I'm having trouble finding duplicates in a database table with the following setup:

==========================================================================
| stock_id  | product_id  | store_id  | stock_qty  | updated_at          |
==========================================================================
| 9990      | 51          | 1         | 13         | 2014-10-25 16:30:01 |
| 9991      | 90          | 2         | 5          | 2014-10-25 16:30:01 |
| 9992      | 161         | 1         | 3          | 2014-10-25 16:30:01 |
| 9993      | 254         | 1         | 18         | 2014-10-25 16:30:01 |
| 9994      | 284         | 2         | 12         | 2014-10-25 16:30:01 |
| 9995      | 51          | 1         | 11         | 2014-10-25 17:30:02 |
| 9996      | 90          | 2         | 5          | 2014-10-25 17:30:02 |
| 9997      | 161         | 1         | 3          | 2014-10-25 17:30:02 |
| 9998      | 254         | 1         | 16         | 2014-10-25 17:30:02 |
| 9999      | 284         | 2         | 12         | 2014-10-25 17:30:02 |
==========================================================================

Stock updates are imported into this table every hour, I'm trying to find duplicate stock entries (any rows which have a matching product id and store id) so I can delete the oldest. The query below is my attempt, by comparing product ids and store ids on a join like this I can find one set of duplicates:

SELECT s.`stock_id`, s.`product_id`, s.`store_id`, s.`stock_qty`, s.`updated_at`
FROM `stock` s
INNER JOIN `stock` j ON s.`product_id`=j.`product_id` AND s.`store_id`=j.`store_id`
GROUP BY `stock_id`
HAVING COUNT(*) > 1
ORDER BY s.updated_at DESC, s.product_id ASC, s.store_id ASC, s.stock_id ASC;

While this query will work, it doesn't find ALL duplicates, only 1 set, which means if an import goes awry and isn't noticed until the morning, there's a possibility that we'll be left with tons of duplicate stock entries. My MySQL skills are sadly lacking and I'm at a complete loss about how to find and delete all duplicates in a fast, reliable manner.
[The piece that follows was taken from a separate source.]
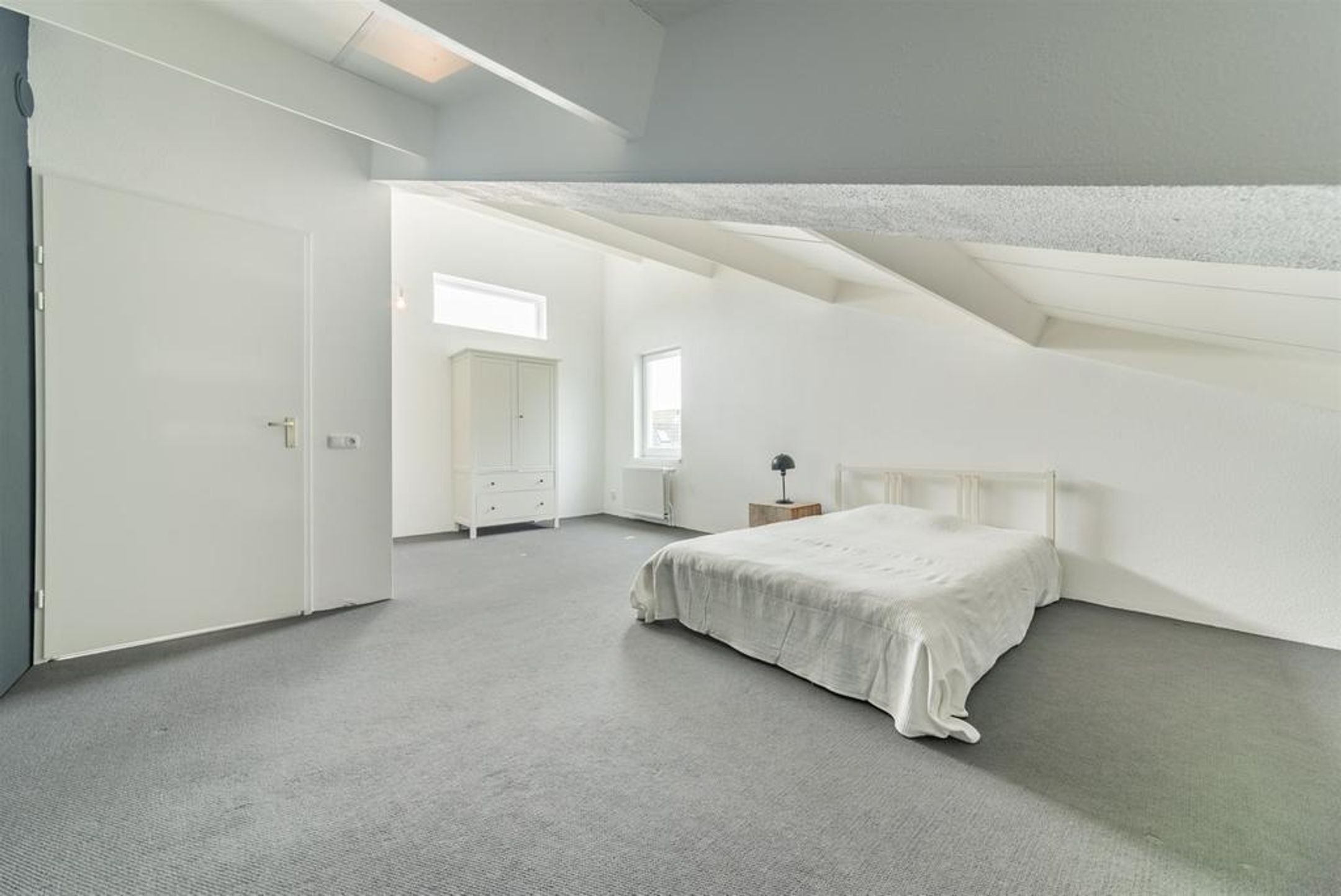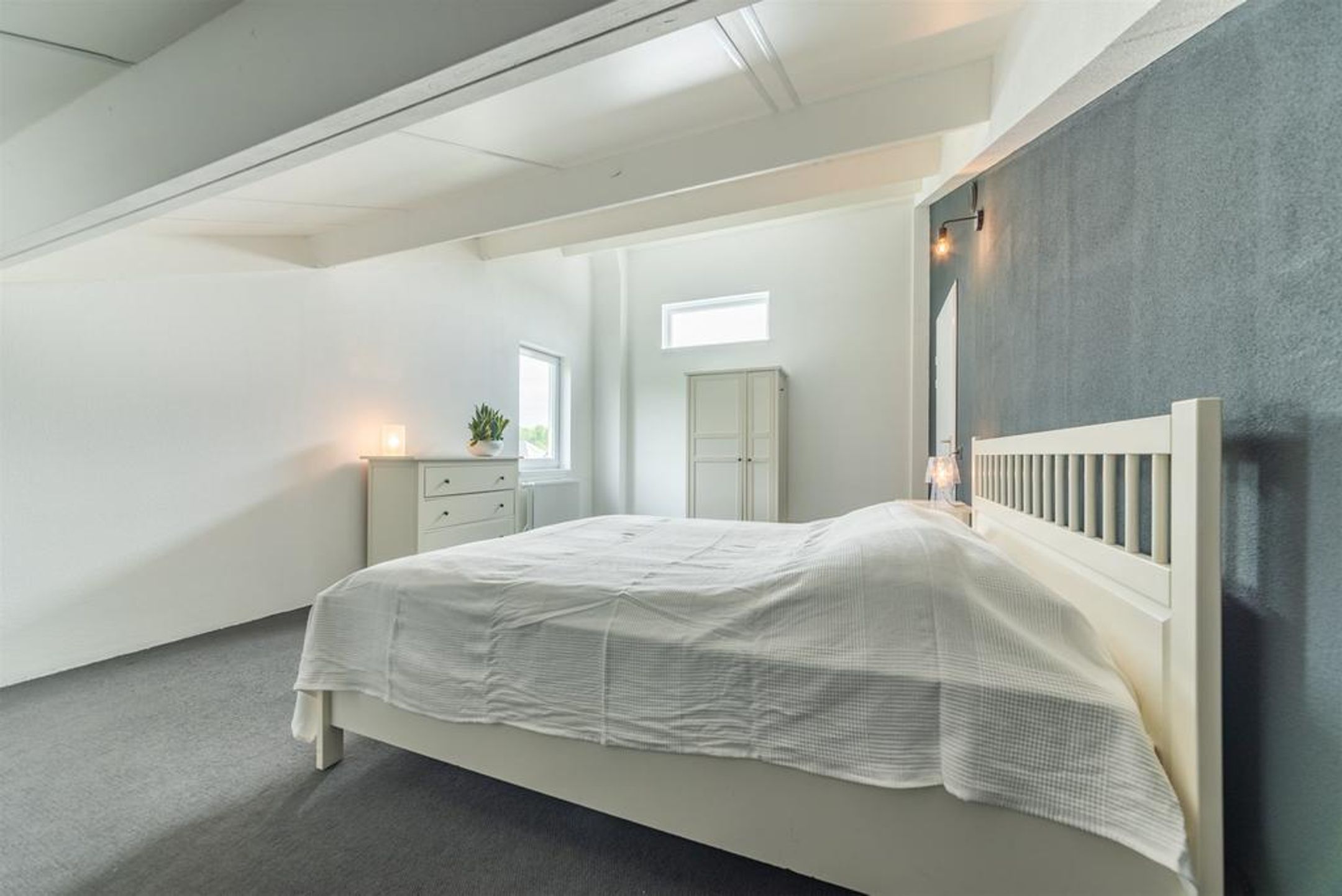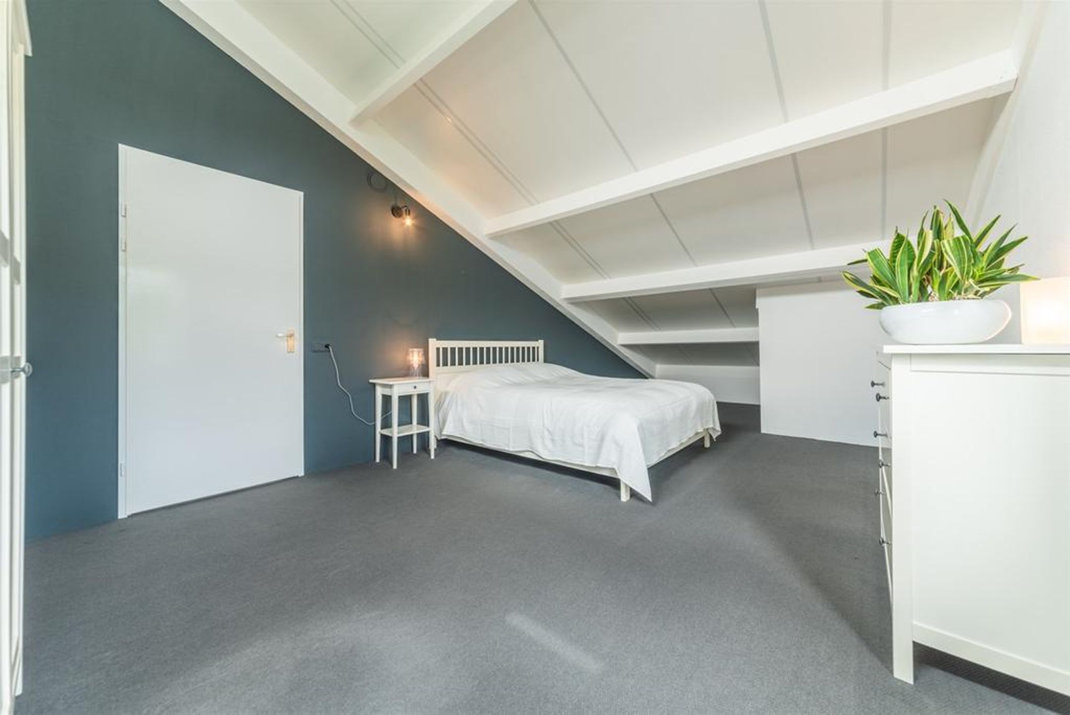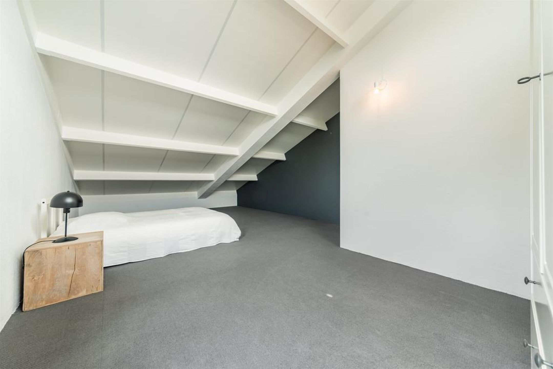 De twee ruime slaapkamers lijken extra groot dankzij het speels hoog oplopend plafond welke keurig zijn afgewerkt dankzij de witte plafondplaten en wit geschilderde balken.

Any help or ideas are welcome. Thanks

hi @jbutler483, great question, the system we're working in has an ORM that requires the existence of a single primary key. We really on the ORM in other ways for scaffolding the CRUD management via the same system. — Herbage Onion, Nov 27 '14 at 16:04
Plus the database will keep the oldest data, which is not the required functionality :) — Artjoman, Nov 27 '14 at 16:05
maybe a command like [this describes?](http://stackoverflow.com/a/7436991/3436942) or [this](http://stackoverflow.com/questions/15552152/sybase-sql-remove-semi-duplicates-from-query-results) — jbutler483, Nov 27 '14 at 16:11
@HerbageOnion I can't see why it matters that there's a single PK - as long as you can have a unique key constraint on (product_id,store_id). Then `INSERT... ON DUPLICATE KEY UPDATE` will solve the problem — Strawberry, Nov 27 '14 at 17:06

score 2 · Answer 1 · answered Aug 03 '16 at 12:21

You can use this query:

DELETE st FROM stock st, stock st2 
WHERE st.stock_id < st2.stock_id AND st.product_id = st2.product_id AND 
st.store_id = st2.store_id;

This query will delete older record having same product_id and store_id and will keep latest record.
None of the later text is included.